Add option to collect same number of episodes in each collector env #1046

bordeauxred · 2024-02-07T16:34:40Z

I have added the correct label(s) to this Pull Request or linked the relevant issue(s)
I have provided a description of the changes in this Pull Request
I have added documentation for my changes
If applicable, I have added tests to cover my changes.
I have reformatted the code using poe format
I have checked style and types with poe lint and poe type-check
(Optional) I ran tests locally with poe test
(or a subset of them with poe test-reduced) ,and they pass
(Optional) I have tested that documentation builds correctly with poe doc-build

…each env in collector

bordeauxred · 2024-02-07T16:37:21Z

@MischaPanch

tianshou/data/collector.py

MischaPanch · 2024-02-08T12:30:59Z

tianshou/data/collector.py

@@ -476,6 +526,9 @@ def collect(

        :return: A dataclass object
        """
+        assert (


Why should we allow a param if it can't actually be changed?

…tside of init

…t recording worker wise returns!

tianshou/data/buffer/base.py

MischaPanch · 2024-02-16T16:00:11Z

tianshou/data/buffer/manager.py

            self._lengths[buffer_id] = len(self.buffers[buffer_id])
-        ep_last_idxs = np.array(ep_last_idxs)
+        ep_add_at_idxs = np.array(ep_add_at_idxs)


what is the semantics of this variable? The docstring calls it the current index. If it's not the ep_last_idxs, what does it mean?

The index at which the transition is added to the buffer.
As there is ep_start_idx that indicates the first transition of the current episode, ep_last_idx should be the index of the last transition in the episode. Whenever the current transition does not contain done, this is not the last index of the episode (as it continues) but the index at which to add the current transition.

Marking for discussion in pair programming

tianshou/data/buffer/manager.py

MischaPanch · 2024-02-19T10:21:54Z

tianshou/data/collector.py

+            collect_time=collect_call_duration,
+            collect_speed=step_count / collect_call_duration,
+            returns=np.array(episode_returns),
+            returns_stat=SequenceSummaryStats.from_sequence(episode_returns)

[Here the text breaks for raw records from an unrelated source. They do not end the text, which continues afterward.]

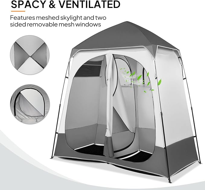 • ✔PRIVACY INVISIBLE: With full height silver coating, inside privacy is well protected. Perfect as a dressing room, camp restroom, shower tent, toilet tent and camping privacy tent etc
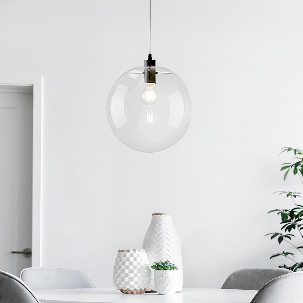 Add a vogue and elegant addition to your room with a minimalist glass globe pendant light. For example, take this glass pendant light: One globe hand-blown glass shade is suspended below, accommodating a 60W E26/E27-base bulb (not included) inside to cast a bright glow best for working and cooking. If needed, you could install a dimmer switch and dimmable bulb (both not including) to adjust the brightness for rest or nap time. Compatible with a sloped ceiling and three sizes in options, you could figure out how to place the minimalist pendant light in clusters based on the arrangement. This glass globe pendant light is adept in lighting up and decorating the living room, bedroom, dining room, entryway, or kitchen island.
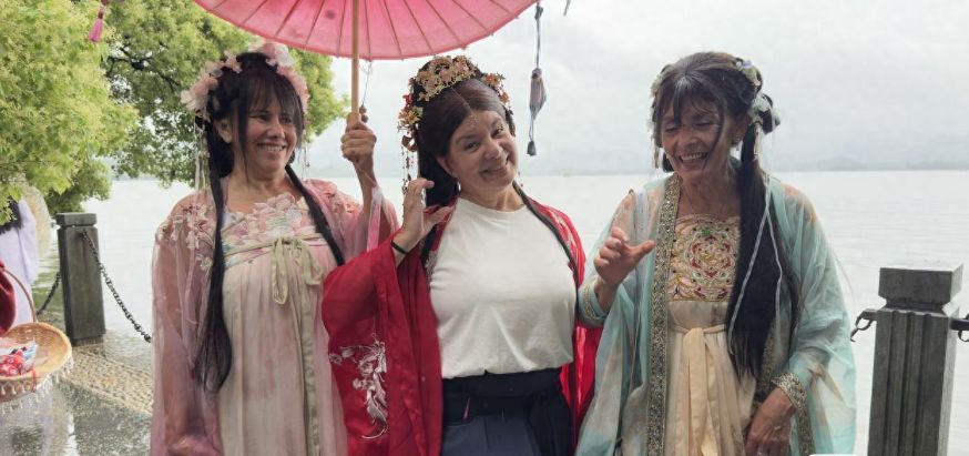 4月22日,杭州的雨一阵一阵地下,玛丽亚三人喜欢中国文化,又因为克拉拉的职业,想感受一次汉服妆造和阿根廷服饰的异同,于是都选了自己喜欢的汉服款式,做好自己喜欢的发型去逛西湖。

Let's move the declaration of this and lens_stats above the instantiation of the object, a bit easier to read

I'm also wondering whether this could be done in the CollectStatsBase itself in post_init, let's have a look together later

MischaPanch · 2024-02-19T10:23:56Z

tianshou/data/collector.py

+    def reset_env(
+        self,
+        gym_reset_kwargs: dict[str, Any] | None = None,
+        set_obs_next_to_obs: bool = False,


This is a non-trivial functionality, why is it needed and when would one want to use it? Pls add a docstring

tianshou/data/collector.py

MischaPanch · 2024-02-19T10:28:36Z

tianshou/data/collector.py


-            if (n_step and step_count >= n_step) or (n_episode and episode_count >= n_episode):
-                break
+                if n_episode:


Marking this block for discussion:

why gym_reset_kwargs used only in one place

factor out to separate method?

Avoid usage of np.where, instead use getitem on boolean array

MischaPanch · 2024-02-19T10:33:50Z

tianshou/data/collector.py

-            lens_stat=SequenceSummaryStats.from_sequence(episode_lens)
-            if len(episode_lens) > 0
-            else None,
+    def sample_at_least_one_episode_per_worker_postprocessing_on_done_env(


this doesn't seem to sample anything, rather only filter.

Marking for discussion

MischaPanch · 2024-02-19T10:34:11Z

tianshou/data/collector.py

+            self.data = self.data[mask]
+        return ready_env_ids
+
+    def sample_equal_episodes_per_worker_postprocessing_on_done_env(


same as above

MischaPanch · 2024-02-19T10:35:59Z

tianshou/data/collector.py

+            done=done,
+            info=info,
+        )
+        if self.preprocess_fn:


marking for discussion - when is this option used? Is it dangerous to update data twice?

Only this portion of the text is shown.